Fast forward six months to Summer 2009 – Manhattan Beach, Los Angeles. For the last month I have been living with a very wealthy family near the beach. I’m staying in their guest house all on my own, which is a few yards from the main house. The house is large, beautifully decorated and filled with TVs, expensive furniture and modern gadets. Most importantly though, it is also filled with an amazing family, who have taken me in as one of their own, and as a result I’ve settled in quicker than my brother in front of a Die Hard DVD.
But I worry that subsconciously I am getting used to this lifestyle and returning home will be a shock to the system. Here my family take me out to dinner, back home I had to make do with what was left in the cupboards. Here my family but my clothes I need, back home I had to save up and then still go to a second-hand store. It’s brilliant living here, but it’s not my life. It’s theirs. I’m just a part of it for a small amount of time.

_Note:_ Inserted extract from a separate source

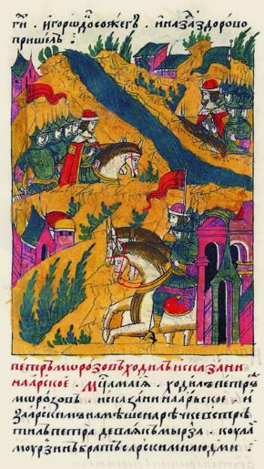 | Keywords: Facial Chronicle - b.22, p. 301.gif  Пет  о озов ходил из Казани на А ское В месяце мае ходил Пет же  о озов из Казани на А ское и за А ским на  еше  еке вст етил Пет а Девляк му за Калай му зы б ат с а скими людьми И Пет на него послал голов детей боя ских князя Пет а Глебова Засекина да Романа Пивова да Еналеев двух а с ним дети боя ские и ст ельцы и новок ещеные; Девляка со всеми това ищи побили и самого живым взяли и многих его това ищей пе еловили И после того Пет воевал 10 дней и все А ские места повоевал и побил многих людей и полоном вывел бесчисленно много Да с Пет ом вместе ходил без мест воевода Феодо Иванович Буту лин и в Казань п ишли дал Бог зд аво http //www runivers ru/bookreader/book482205/ page/17/mode/1up century 16 anonimus Facial Chronicle v 9 - Sinodalniy tom 1533-1542; 1553-1567 Files uploaded by Shakko from various sources PD-Art House of Morozov |

That said, my family are building a new house around the corner (even closer to the beach) and I popped round to have a look today. I think it is fair enough to call it a mansion. Even that isn’t generous enough. It’s the sort of house you’d expect Usher to be showing you around on MTV Cribs. It has sea views, three floors, 10 plasma TVs, a bar, a theatre complete with confectionary stand, a lift from floor to floor, a pool, a hot tub, massive bedrooms, a bathroom for each room, and so on. I have never been in such a place and I doubt I ever will (unless I visit them next year). And yet they have designed it so well that despite being such a large space, every corner of every room is as homely as my flat in Tunbridge Wells was. Just slightly bigger. And with imported French bricks for the wine cellar.